In the ODIXa-DVT study, the incidence of major and minor bleeding increased with escalating doses of rivaroxiban (range of 5.0% to 11.6%) as compared with patients treated with enoxaparin/warfarin (6.3%).¹⁰¹ In the EINSTEIN-DVT study, the incidence of clinically relevant bleeding occurred in 2.2%–6.0% of patients in rivaroxaban groups and in 8.8% of patients in heparin/warfarin group, with no significant dose response for bleeding.¹⁰² In these two studies, no dose-efficacy relationship with rivaroxaban treatment was observed. However, the dose-dependent increase in the risk of bleeding was reported in the ODIXa-DVT study indicating that a twice-daily regimen for rivaroxaban might increase risk of bleeding. Nonetheless, the results of these two studies had supported the safety and efficacy of rivaroxaban in the treatment of DVT. Based on these results, further phase III randomized trials of rivaroxaban for the treatment of DVT and for the prevention of stroke in AF (ROCKET-AF) with 20 mg once-daily are undergoing. Rivaroxaban was been assessed by NICE,¹⁰³ who have recommended it as an option for the prevention of VTE in adults having elective total hip replacement surgery or elective total knee replacement surgery. The initial dose, subject to normal hemostasis and reflective of additional risk factors, should be 10 mg within 6–10 hours after surgery, then for two weeks in knee surgery or five weeks in major hip surgery.

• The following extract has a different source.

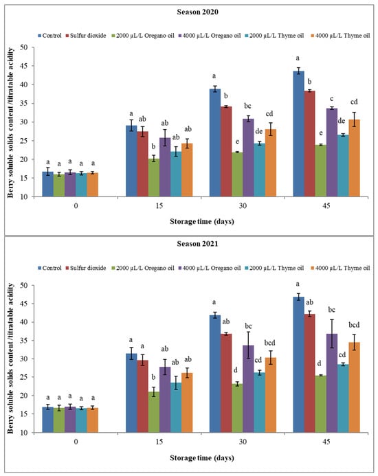 Effect of preharvest applications of oregano and thyme EOs on the berry soluble solids content/titratable acidity of ‘Flame Seedless’ grapes during cold storage at 1 °C. Each value represents the mean ± SE of three replicates. Means followed by the same letters in each season and storage period are not significantly different according to Tukey’s HSD test at p ≤ 0.05.

Apixaban is a highly selective and potent inhibitor of factor Xa at advanced clinical development. It has a small molecular weight, with a bioavailability of more than 50% and half-life of between nine and 14 hours. Apixaban has fixed twice-daily dosing and is metabolized in the liver via CYP3A4, with about 25% excreted by the kidneys and the remainder by intestinal excretion.¹⁰⁴ It has been shown to be safe and well tolerated in initial testing in volunteers and its anticoagulant effects closely correlated to plasma concentration of the drug. In the phase II APROPOS trial apixaban prevented more cases of VTE and death after total knee replacement than enoxaparin, but the risk of bleeding correlated with drug dose.¹⁰⁵ In a relatively small Botticelli-DVT trial (520 patients with acute symptomatic DVT), apixaban demonstrated effectiveness in the prevention of recurrent VTE similar to conventional therapy with LMWH followed by warfarin (target INR 2.0–3.0). The principal safety outcome (composite of major and clinically relevant, nonmajor bleeding) occurred in 7.3% of the apixaban-treated patients versus 7.9% of patients with reference treatment.¹⁰⁶

Another direct thrombin inhibitor, betrixaban, is being trialed. It has a small molecular weight, with an oral bioavailability of 47% and half-life of 19 hours, and is eliminated via intestinal excretion. A randomized phase II clinical trial, the EXPERT study, investigated the safety and efficacy of betrixaban in comparison with enoxaparin for VTE prevention in patients undergoing total knee replacement surgery. More than 200 patients were randomized to either betrixaban (15 or 40 mg twice daily) or enoxaparin (30 mg twice daily). Betrixaban demonstrated antithrombotic activity and appeared well tolerated in knee replacement patients at the doses studied.¹⁰⁷

Conclusions

In the UK, government initiatives have pushed anticoagulation center-stage in many aspects of medical and surgical care.^108,109 The vast weight of prevention and treatment of VTE falls to the management of warfarin and LMWHs, with fondaparinux gaining use. However, the last few years has seen the development of new oral anticoagulants that may take over from currently established agents,¹¹⁰ and for which government bodies are releasing guidelines.^78,79,94,103 It seems likely that future practice will see the increasing use of novel oral anticoagulants.

Disclosures

ADB has taken hospitality, speaker fees and research funds from GlaxoSmithKline, Sanofi-Aventis and Boehringer Ingleheim. The University Department of Medicine at City Hospital recruits for anticoagulant trials.